Based on the hydrostatic tests, the licensee determined tube B66-131 did not meet the structural limit of 3P. The licensee concluded however the tube would probably remain intact during a main steam line break (MSLB) or feed water line break (FWLB) accident. The hydrostatically induced burst pressure of tube B65-130, however, was near the differential pressure that would be observed during a MSLB or FWLB. As a consequence the licensee concluded tube B65-130 was worn to such a depth that it might not have remained intact during a MSLB or FWLB.

On October 29, 2001, the NRC initiated a special inspection in response to this event. The special inspection independently developed facts about the licensees investigation, root cause evaluation, evaluation of the structural integrity of the tubes impacted by the separated tube, corrective actions, and extent of condition analysis. The special inspection also independently developed an understanding of the circumstances surrounding the separation of the plugged tube and provided facts to support NRRs determination of possible generic implications of the tube separation.

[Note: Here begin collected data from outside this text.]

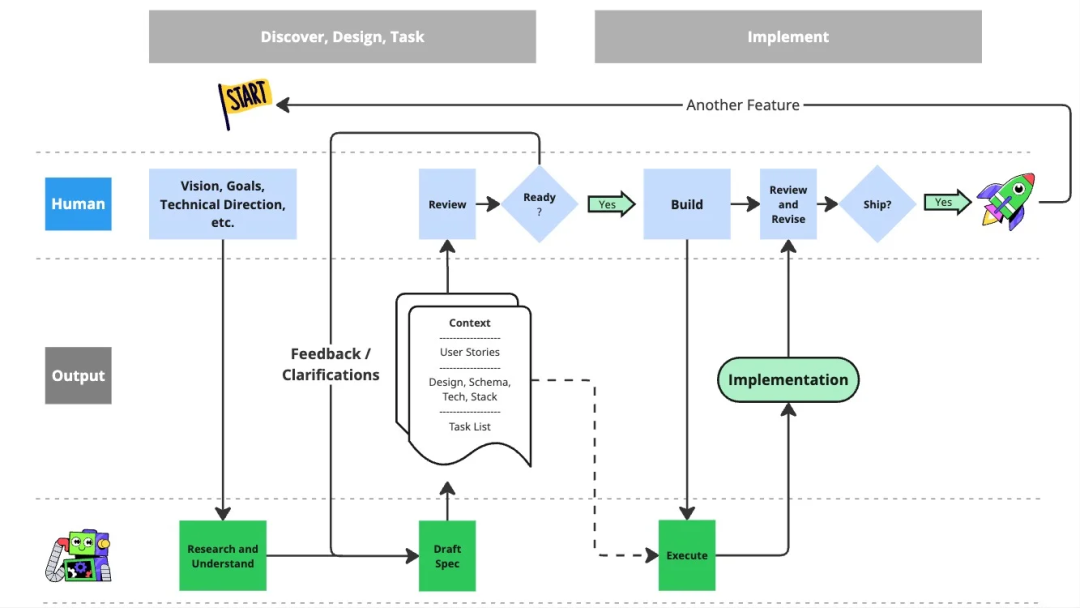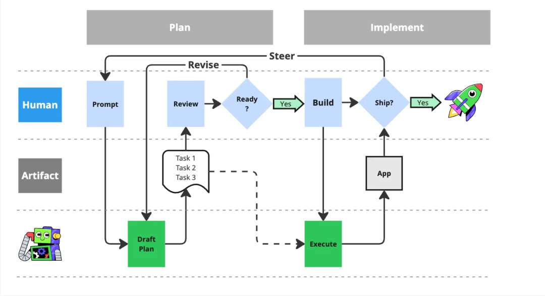 然而,人类与 AI 之间的交互仍然是战术性和指令式的。由于计划通常不会在执行后保留,代码实现本身就成了后续迭代与功能新增的主要上下文。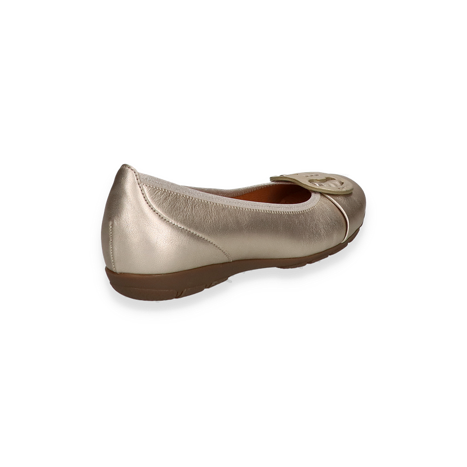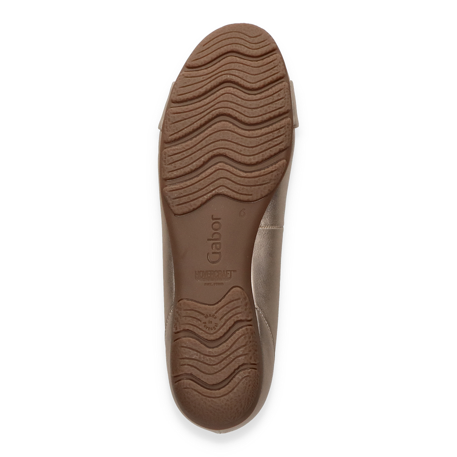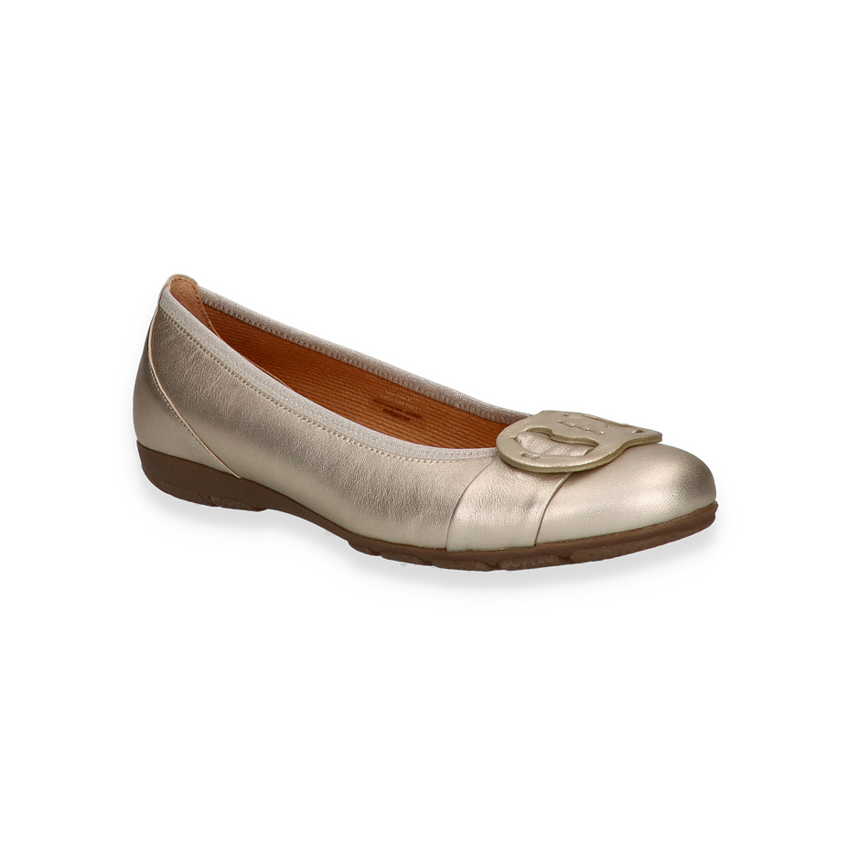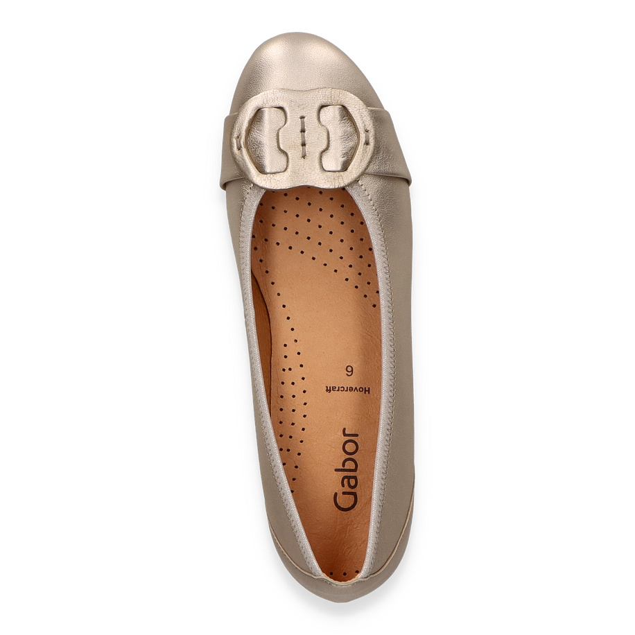 Entdecken Sie die eleganten Ballerinas von Gabor, perfekt für Damen, die Stil und Komfort schätzen. Diese Schuhe bestechen durch ihr goldfarbenes Obermaterial aus hochwertigem Leder, das einen Hauch von Luxus verleiht. Die Innensohle aus Leder und das Futter aus Leder und Textil sorgen für ein angenehmes Tragegefühl. Mit einer Absatzhöhe von 2 cm bieten diese Ballerinas eine subtile Erhöhung, ohne dabei den Komfort zu beeinträchtigen. Die robuste Gummisohle gewährleistet Langlebigkeit und Rutschfestigkeit. Ein besonderes Highlight ist die Zierschnalle, die das elegante Design abrundet.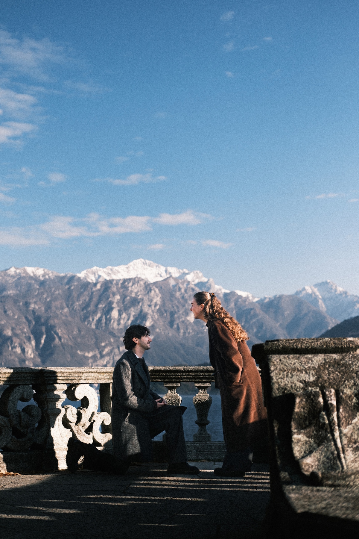Capturo propuestas de matrimonio románticas con el impresionante lago de Como como telón de fondo.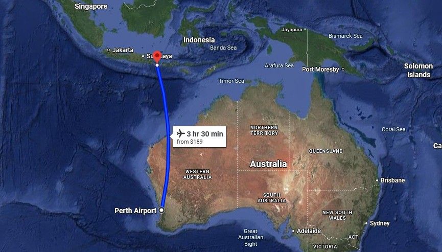 We flew from Perth to Bali.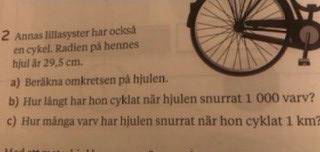 b) Om ett hjul snurrar tusen varv så har cykeln gått 590*pi meter som man kan räkna ut (fast min mobil är på laddning).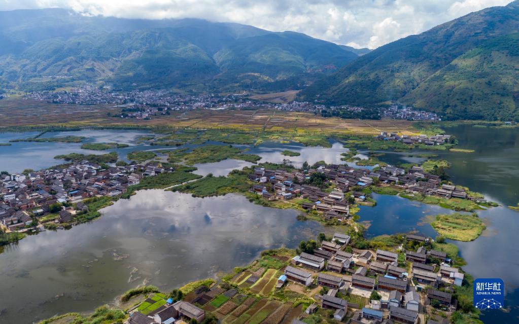 这是9月28日拍摄的洱源西湖一景(无人机照片)。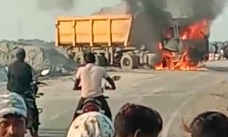 गाड़ी राखड़ से भरी हुई थी, घटना शाम 4 बजे की है।

The special inspection developed a characterization of the risk significance of the tube separation. The special inspection also focused on possible regulatory compliance or performance deficiencies that may have contributed to the separation of this tube.

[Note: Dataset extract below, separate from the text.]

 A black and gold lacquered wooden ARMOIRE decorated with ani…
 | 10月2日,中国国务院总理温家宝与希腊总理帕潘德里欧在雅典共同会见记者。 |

TMI Steam Generator Description Steam generators transfer heat from the reactor coolant system to the secondary system via conduction through the steam generator tubes. Three Mile Island Unit 1 has two vertical, straight tube and shell, once-through steam generators (OSTGs). Each steam generator contains 15,531 Inconel-600 tubes. Each tube is about 56 feet long and its ends are inserted into holes drilled into two 24-inch thick carbon steel tube sheets at the top and bottom of the steam generator. Additional support for the tubes are provided by 15 tube support plates that are spaced between 36 and 46 inches apart. The lowest tube support plate is the first tube support plate and the uppermost tube support plate is the fifteenth support plate.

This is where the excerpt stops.